Uzbekistan calls itself the sunny country with more than 270 sunny days per year. It could equally be called the dry country. 70% of the country is desert and the rest doesn’t get much more rain. In 2005 the country had a water deficit of 2,000m3 and this is projected to increase as the climate warms.
About 10% of the country is fertile river valleys whose bountiful harvest is entirely dependent on irrigation. Almost 90% of the countries surface water is currently used for irrigation. Climate change will see the countries two main climate zones dry/tropical and moderate to shift to 150 – 200 km to the North. Total precipitation is projected to increase across most regions in Uzbekistan although the dry desert and steppe regions are predicted to decrease. However rainfall during the key summer growing months will be lower while average temperatures are likely to rise by as much as 3 to 4C and possibly more over the next 40 years. This will cause evaporation and transpiration rates to increase, more than outweighing any increases in precipitation and the water deficit is expected to rise to 13,000 m3 over the next few decades. Under such a scenario crop yields are predicted to decline by up to 50% if no adaptation measures are put in place.
However measures could be relatively easily introduced which would help famers adapt to at least moderate reductions in the availability of water. Many of the crops currently grown, especially cotton are particularly water intensive so switching to less thirsty crops is one adaptation. Most of the irrigation infrastructure was constructed during the days of the Soviet Union and is old and badly maintained causing t water loses of between 50 & 80 %. And nearly all fields are irrigated using techniques which have remained largely unchanged for thousands of years. Water is channelled over the field using a series of ditches. This is extremely inefficient and up to 70% of the water is wasted. Switching to a system of drip irrigation using pipes to apply the water directly to the roots of the plant can increase the efficiency to 90%. However such systems involve a high capital outlay and often require more energy to operate pumps etc. and there is little evidence of integrated government action to begin the process of adaptation. However their becomes a point when it is no longer possible to adapt. It becomes simply too hot for crops to grow adequately and the land turns to desert.
Much of Uzbekistan’s water is sourced from rivers which rise in Kyrgyzstan and Tajikistan and disputes over water have contributed to already fractious relationships between the neighbours. As the water flows in these rivers decline tensions will only heighten.

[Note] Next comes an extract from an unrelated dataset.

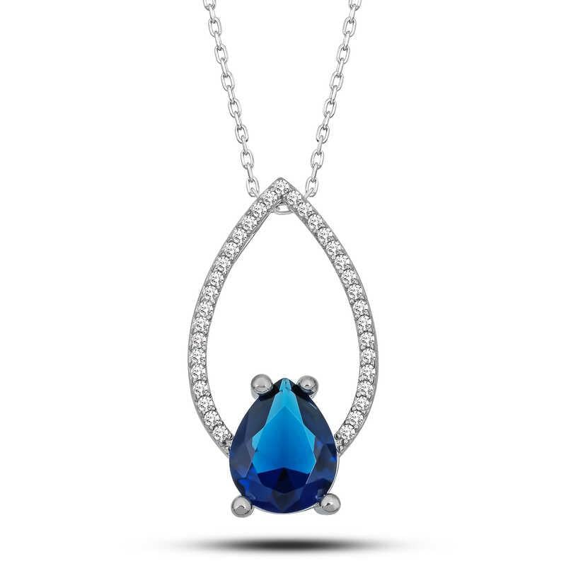 Gümüş Mavi Taşlı Damla Kadın Kolye

Soil salinity as a result of centuries of irrigation is also a serious problem in Uzbekistan with 6 million people already affected. Climate change will make it worse. Increased evaporation will cause more salts to be deposited into the soils. Decreasing water resources will lead to a deterioration in water quality with ground water becoming increasingly saline. Salty soils require more water for irrigation and reduce yields.
Of course no discussion of environmental issues in Uzbekistan could fail to mention the Aral sea. A prime example of the consequences of trying to master nature. Once the 4th largest lake in the world it’s surface area has decreased by 60% as a result of diverting its source waters for irrigation. At the same time it was used as a dump for sewage, industrial waste and pesticides. Water levels have decreased to such an extent that the lake has split into two and land where its waters once washed has transformed into a salt desert called Aralkum.
Climate Change is a grave danger to Uzbekistan. Even moderate increases of temperature will pose serious challenges particularly for the agricultural sector. More extreme rises will bring into question the very existence of the country itself as the cities become scorching ovens and crops turn to dust. Millions will be forced from their land and society will begin to break down. As water resources dwindle tensions between neighbouring countries could easily spark war. A frightening prospect yet such a scenario will become inevitable if the world fails to act on climate change.